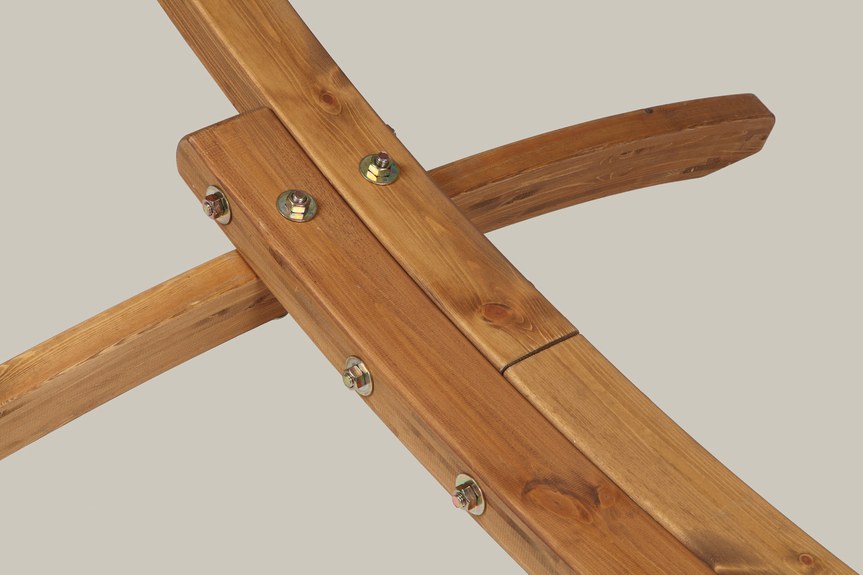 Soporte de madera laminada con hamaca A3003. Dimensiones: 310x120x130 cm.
====
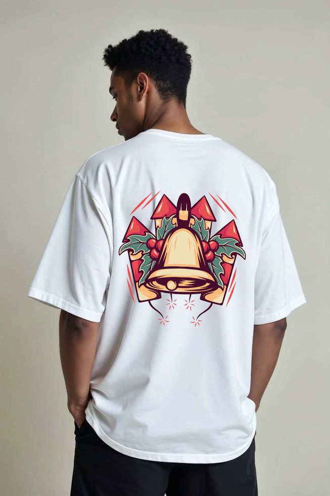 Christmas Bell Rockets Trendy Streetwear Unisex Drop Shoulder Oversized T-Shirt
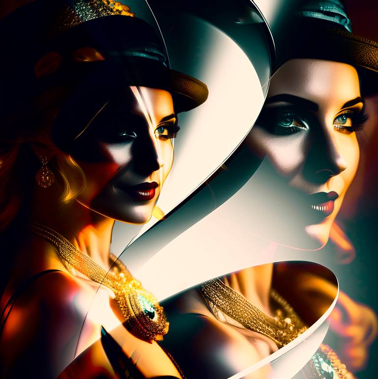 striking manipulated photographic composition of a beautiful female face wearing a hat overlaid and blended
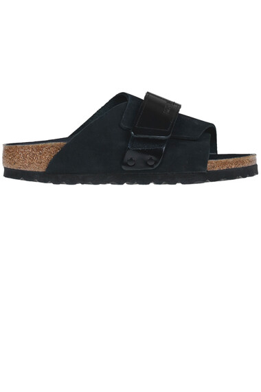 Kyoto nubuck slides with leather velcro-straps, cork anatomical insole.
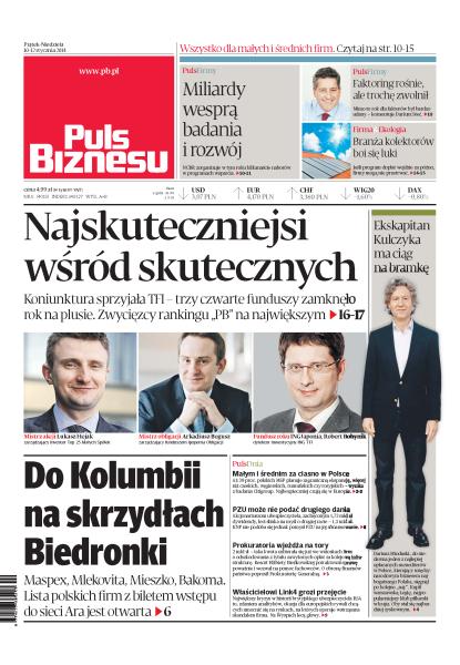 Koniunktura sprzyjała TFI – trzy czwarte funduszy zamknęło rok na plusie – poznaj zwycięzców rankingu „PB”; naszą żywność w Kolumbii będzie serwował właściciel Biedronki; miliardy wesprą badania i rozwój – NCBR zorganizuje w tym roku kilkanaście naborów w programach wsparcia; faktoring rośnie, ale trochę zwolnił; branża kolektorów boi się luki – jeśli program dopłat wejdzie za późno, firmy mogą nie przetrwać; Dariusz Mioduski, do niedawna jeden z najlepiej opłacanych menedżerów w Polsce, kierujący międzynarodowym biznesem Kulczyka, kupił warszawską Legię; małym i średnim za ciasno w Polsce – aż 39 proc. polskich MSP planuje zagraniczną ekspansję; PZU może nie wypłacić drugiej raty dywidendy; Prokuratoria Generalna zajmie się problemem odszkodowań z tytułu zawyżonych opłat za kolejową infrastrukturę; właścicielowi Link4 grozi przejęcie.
====
* _Prompt_
Above are records; write out the lines from the one with "striking manipulated photographic" down to the one with "Kyoto nubuck slides", exactly, leaving the pictures out.

* _Result for this task_
 striking manipulated photographic composition of a beautiful female face wearing a hat overlaid and blended
 Kyoto nubuck slides with leather velcro-straps, cork anatomical insole.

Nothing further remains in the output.